Reefs Club – Landmark Bermuda Hotel Sells Fractionals

Guests of the Reefs, a 62-year old family-owned boutique luxury hotel on its own idyllic beach in Bermuda, are known for their loyalty. Some have vacationed there 20, 30 and more times. Now the Reefs is counting on loyalists as well as newcomers to buy into its 19-unit private residence club. The Reef Club -- fractional-ownership two- and three-bedroom “villas” adjoining the hotel -- are nearing completion and will open July 3. (Photo above shows what it will look like when villas are completed.)

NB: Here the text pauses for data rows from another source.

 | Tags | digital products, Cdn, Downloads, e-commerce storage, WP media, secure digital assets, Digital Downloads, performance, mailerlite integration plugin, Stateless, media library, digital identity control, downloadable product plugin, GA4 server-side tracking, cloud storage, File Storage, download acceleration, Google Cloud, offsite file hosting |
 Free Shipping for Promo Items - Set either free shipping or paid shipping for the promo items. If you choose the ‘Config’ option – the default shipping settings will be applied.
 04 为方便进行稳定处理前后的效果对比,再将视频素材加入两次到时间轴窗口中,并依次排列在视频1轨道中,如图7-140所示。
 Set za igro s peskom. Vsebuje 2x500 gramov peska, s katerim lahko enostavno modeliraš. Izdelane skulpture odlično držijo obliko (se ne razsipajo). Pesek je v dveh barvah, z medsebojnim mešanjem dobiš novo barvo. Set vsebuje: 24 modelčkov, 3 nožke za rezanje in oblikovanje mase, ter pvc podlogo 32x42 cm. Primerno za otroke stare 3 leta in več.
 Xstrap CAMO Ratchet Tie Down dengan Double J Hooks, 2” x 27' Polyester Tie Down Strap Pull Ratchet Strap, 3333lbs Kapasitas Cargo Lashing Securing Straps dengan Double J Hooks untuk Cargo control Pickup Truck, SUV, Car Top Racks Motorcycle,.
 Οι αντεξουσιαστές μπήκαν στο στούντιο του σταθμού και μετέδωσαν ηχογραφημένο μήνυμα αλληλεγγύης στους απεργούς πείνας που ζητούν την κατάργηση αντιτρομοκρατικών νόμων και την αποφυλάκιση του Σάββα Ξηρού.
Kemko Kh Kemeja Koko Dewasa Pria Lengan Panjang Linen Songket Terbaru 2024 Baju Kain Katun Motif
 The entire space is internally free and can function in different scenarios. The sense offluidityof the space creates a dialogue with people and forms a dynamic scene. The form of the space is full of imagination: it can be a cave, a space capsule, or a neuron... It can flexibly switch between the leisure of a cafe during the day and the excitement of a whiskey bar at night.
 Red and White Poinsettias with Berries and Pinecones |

By Bermuda standards, the 1/10th ownership furnished fractionals are “affordable” -- $350,000 for a 2-bedroom, $410,000 for a 3-bedroom. (Another 13 % is tacked on in fees, taxes and closing costs.) Full ownership condos elsewhere on this adorable, expensive island start at over $1-million, although one real estate agent, Buddy Rego, said last month that no Americans went to closing on condos anywhere in Bermuda in the first quarter of 2009.

Bermuda’s restrictive laws on non-Bermudian ownership of property keep prices high. Yes, the worldwide recession is taking its toll. Since Reefs Club fractionals were first offered, 30 out of 80 early birds who had put down “soft” $5,000 deposits have opted to pull out, according to Chrissy Frith, membership director.

Nevertheless, Reefs president David Dodwell told me that he has no plans to lower prices, although he might consider some “value-added” incentives, such as rebates on certain homeowner fees for a period of time. The villas give Reefs fans a “rare opportunity,” he said, adding that some units might be used for overflow hotel guests during peak times. The villas building will also house a much expanded spa and fitness center.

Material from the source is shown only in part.